Trois entrepreneurs créent le boîtier VigieCovid qui mesure l’affluence d’un lieu en temps réel

Trois entrepreneurs ont élaboré VigieCovid, un boîtier à brancher sur une prise qui mesure l’affluence en temps réel d’un lieu accueillant du public. L’intérêt est grandissant.

Trois entrepreneurs ont développé le boîtier VigieCovid qui mesure l'affluence d'un lieu public en temps réel grâce à la détection des téléphones portables.
Trois entrepreneurs ont développé le boîtier VigieCovid qui mesure l’affluence d’un lieu public en temps réel grâce à la détection des téléphones portables. (©illustration / Adobe stock)

Sortir ou ne pas sortir, telle est la question, en cette période où les contaminations à la Covid-19 repartent à la hausse, en Normandie et en France. La distance physique d’un mètre n’est pas toujours respectée, voire est difficile à faire respecter selon les configurations des espaces, et c’est sur ce point que connaître l’affluence dans un lieu donné a son intérêt, selon trois entrepreneurs.

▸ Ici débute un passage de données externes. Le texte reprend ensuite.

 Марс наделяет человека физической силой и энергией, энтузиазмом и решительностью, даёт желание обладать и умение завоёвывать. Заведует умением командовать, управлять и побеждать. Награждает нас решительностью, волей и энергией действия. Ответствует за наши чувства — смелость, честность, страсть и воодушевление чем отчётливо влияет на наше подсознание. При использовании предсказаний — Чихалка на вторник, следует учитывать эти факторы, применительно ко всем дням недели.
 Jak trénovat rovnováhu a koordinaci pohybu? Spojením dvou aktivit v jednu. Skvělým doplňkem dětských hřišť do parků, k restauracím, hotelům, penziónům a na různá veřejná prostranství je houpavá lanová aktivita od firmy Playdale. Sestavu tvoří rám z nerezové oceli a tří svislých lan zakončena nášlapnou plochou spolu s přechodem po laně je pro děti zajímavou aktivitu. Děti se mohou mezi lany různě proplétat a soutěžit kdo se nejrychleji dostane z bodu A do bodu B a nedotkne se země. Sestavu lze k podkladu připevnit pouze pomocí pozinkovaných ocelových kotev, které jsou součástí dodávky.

« Choisir le meilleur moment »

Louis-Jacques Virgona et Guillaume Lebret, tous deux Normands, ont développé avec leur autre associé, Éric Coatantiec, résidant à Toulouse (Haute-Garonne), le boîtier VigieCovid. Le produit est l’évolution d’un premier, créé en 2013, qui indiquait alors les tendances de la fréquentation d’un espace, public ou privé, selon son historique et les habitudes de ses clients. La technologie VigieCovid, élaborée en juin 2020, au sortir du confinement, permet désormais de mesurer en temps réel l’affluence. 

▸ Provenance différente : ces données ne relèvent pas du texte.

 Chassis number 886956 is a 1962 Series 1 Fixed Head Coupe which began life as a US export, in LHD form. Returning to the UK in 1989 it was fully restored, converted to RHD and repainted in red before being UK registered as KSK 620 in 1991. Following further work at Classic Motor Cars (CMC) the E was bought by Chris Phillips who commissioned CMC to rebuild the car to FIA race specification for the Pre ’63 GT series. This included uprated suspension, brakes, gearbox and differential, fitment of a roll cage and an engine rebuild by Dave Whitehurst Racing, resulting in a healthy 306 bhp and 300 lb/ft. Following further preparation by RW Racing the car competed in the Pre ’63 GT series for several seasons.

Le boîtier, à brancher simplement sur une prise, a un champ d'analyse qui couvre jusqu'à 25 mètres autour de lui.
Le boîtier, à brancher simplement sur une prise, a un champ d’analyse qui couvre jusqu’à 25 mètres autour de lui. (©VigieCovid)

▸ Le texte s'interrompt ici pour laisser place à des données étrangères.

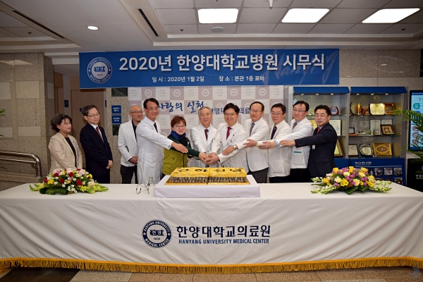 한양대병원은 2일 본관 1층 로비에서 '2020년 신년 시무식'을 개최했다. 시무식에는 최호순 의무부총장 겸 의료원장, 윤호주 병원장을 비롯한 주요 보직자와 교직원들이 참석했다.
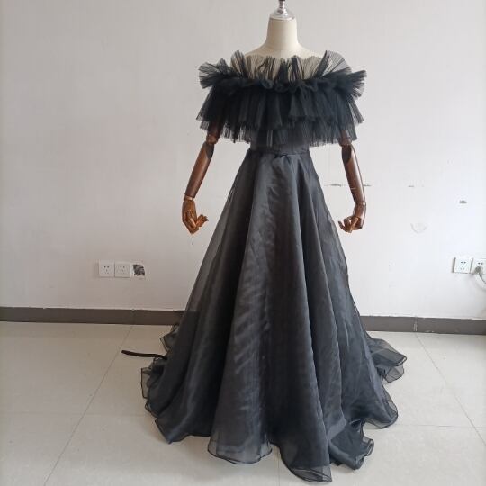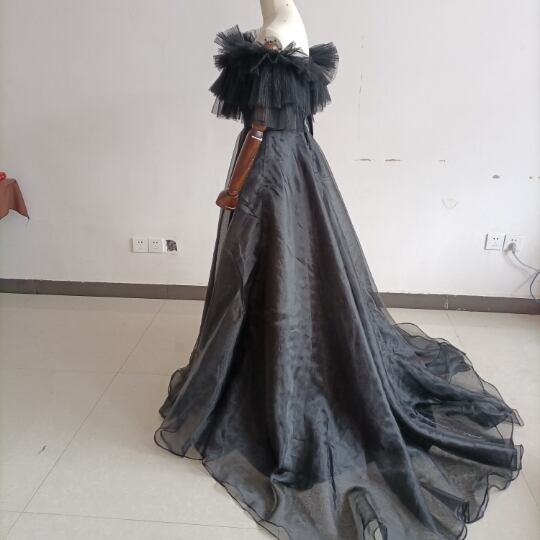 送料無料!豪華! カラードレス 黑 オフショルダー 人気上昇 2次会 花嫁 ロングトレーン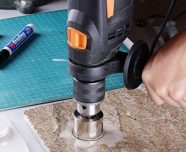 Tipp: Bohrer auf niedrige Drehzahl stellen und nur mit leichtem Bohrdruck arbeiten.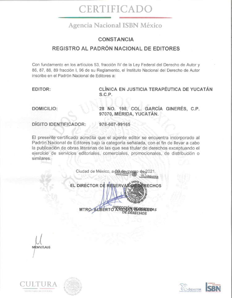 La Clínica en Justicia Terapéutica de Yucatán está registrada en el Padrón Nacional de Editores lo que nos permite publicar diferentes obras literarias.

« On s’est demandé : ‘Peut-on anticiper la présence de monde ou non ?’ Voir l’affluence en temps réel permet de s’adapter, de choisir quel est le meilleur moment », explique Éric Coatantiec, diplômé de la Toulouse business school. La salle de sport Orange Bleue, au Petit-Quevilly, près de Rouen (Seine-Maritime), s’est ainsi dotée du système.

« Le gérant, Stéphane Hurard, nous a dit que les adhérents ne venaient plus, par peur de contracter le virus. Maintenant, ils peuvent non seulement voir la fréquentation du lieu sur sa page Facebook, mais aussi la tendance sur les jours qui vont suivre. »

Et ça a changé la donne, comme l’explique Stéphane Hurard lui-même. « Des adhérents craintifs sont revenus au club, justement parce qu’ils pouvaient voir, sur notre page Facebook qui est très consultée, si les appareils étaient libres ou non. Ça a relancé une dynamique, dans cette ambiance de psychose. » 

Des grandes chaînes de restauration intéressées

Le boîtier, simplement branché sur une prise, fonctionne via la détection des téléphones, selon la réglementation stricte de la Commission nationale de l’informatique et des libertés (Cnil), qui garantit l’anonymisation des propriétaires. « On ne remonte jamais jusqu’à la personne. On ne sait pas s’il y a une femme, deux hommes, par exemple, mais seulement qu’il y trois personnes sur place. » Le champ d’analyse du boîtier VigieCovid s’étend jusqu’à 25 mètres autour de lui.

« Il alimente un graphique [celui-là même qui apparaît sur la page Facebook ou le site d’un lieu en particulier, NDLR], qui se met automatiquement à jour quand un nouveau signal est détecté. » Pour le reste du temps, il est possible de consulter des courbes d’activité « types », que la version originale du boîtier proposait déjà.

Les trois associés ambitionnent d’installer leur produit dans les « endroits qui reçoivent du public », qu’il s’agisse des commerces, restaurants, bibliothèques ou encore des piscines.

Ils sont pour l’heure en contact avec la Métropole Rouen Normandie, l’Agence régionale de santé Île-de-France, qui a validé l’expérimentation, et des grandes chaînes de restauration. Il faut compter 2 300 euros par équipement muni de la mesure d’affluence en temps réel, qui oscille entre « très faible » et « très forte ».